_What to do_
In the entries that follow, find the line containing "Seniman pantomim Sutejo"; from there, copy every line exactly through the line containing "Les chambres anti-allergènes".

_Listed records_
----
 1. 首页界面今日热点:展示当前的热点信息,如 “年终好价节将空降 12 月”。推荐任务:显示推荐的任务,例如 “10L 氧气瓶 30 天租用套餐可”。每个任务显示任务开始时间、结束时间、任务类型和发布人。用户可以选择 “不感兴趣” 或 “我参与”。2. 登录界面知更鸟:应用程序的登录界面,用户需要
----
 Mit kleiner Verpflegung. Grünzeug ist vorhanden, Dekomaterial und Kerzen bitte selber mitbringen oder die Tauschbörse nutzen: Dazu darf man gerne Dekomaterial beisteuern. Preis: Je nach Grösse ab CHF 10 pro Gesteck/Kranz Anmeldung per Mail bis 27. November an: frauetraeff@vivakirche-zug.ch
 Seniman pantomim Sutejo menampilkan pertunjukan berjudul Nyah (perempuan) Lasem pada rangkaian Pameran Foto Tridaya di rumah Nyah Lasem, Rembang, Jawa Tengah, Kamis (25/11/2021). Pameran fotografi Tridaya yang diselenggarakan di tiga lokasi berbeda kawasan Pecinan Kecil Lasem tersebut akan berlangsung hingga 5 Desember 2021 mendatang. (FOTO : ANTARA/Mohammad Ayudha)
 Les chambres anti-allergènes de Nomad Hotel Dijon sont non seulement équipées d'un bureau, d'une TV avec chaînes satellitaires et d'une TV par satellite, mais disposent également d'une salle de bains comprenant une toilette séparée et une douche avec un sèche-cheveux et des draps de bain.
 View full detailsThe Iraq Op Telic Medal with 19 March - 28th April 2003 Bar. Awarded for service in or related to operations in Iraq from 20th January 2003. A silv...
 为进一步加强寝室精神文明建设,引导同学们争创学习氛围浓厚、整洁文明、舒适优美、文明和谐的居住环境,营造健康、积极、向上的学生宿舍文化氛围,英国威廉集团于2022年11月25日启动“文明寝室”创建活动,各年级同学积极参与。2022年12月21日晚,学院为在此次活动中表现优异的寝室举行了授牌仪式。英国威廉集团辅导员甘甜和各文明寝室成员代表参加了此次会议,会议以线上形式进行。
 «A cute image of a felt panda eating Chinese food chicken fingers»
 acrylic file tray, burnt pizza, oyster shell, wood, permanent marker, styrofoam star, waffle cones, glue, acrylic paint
----
_Answer to the exercise_
 Seniman pantomim Sutejo menampilkan pertunjukan berjudul Nyah (perempuan) Lasem pada rangkaian Pameran Foto Tridaya di rumah Nyah Lasem, Rembang, Jawa Tengah, Kamis (25/11/2021). Pameran fotografi Tridaya yang diselenggarakan di tiga lokasi berbeda kawasan Pecinan Kecil Lasem tersebut akan berlangsung hingga 5 Desember 2021 mendatang. (FOTO : ANTARA/Mohammad Ayudha)
 Les chambres anti-allergènes de Nomad Hotel Dijon sont non seulement équipées d'un bureau, d'une TV avec chaînes satellitaires et d'une TV par satellite, mais disposent également d'une salle de bains comprenant une toilette séparée et une douche avec un sèche-cheveux et des draps de bain.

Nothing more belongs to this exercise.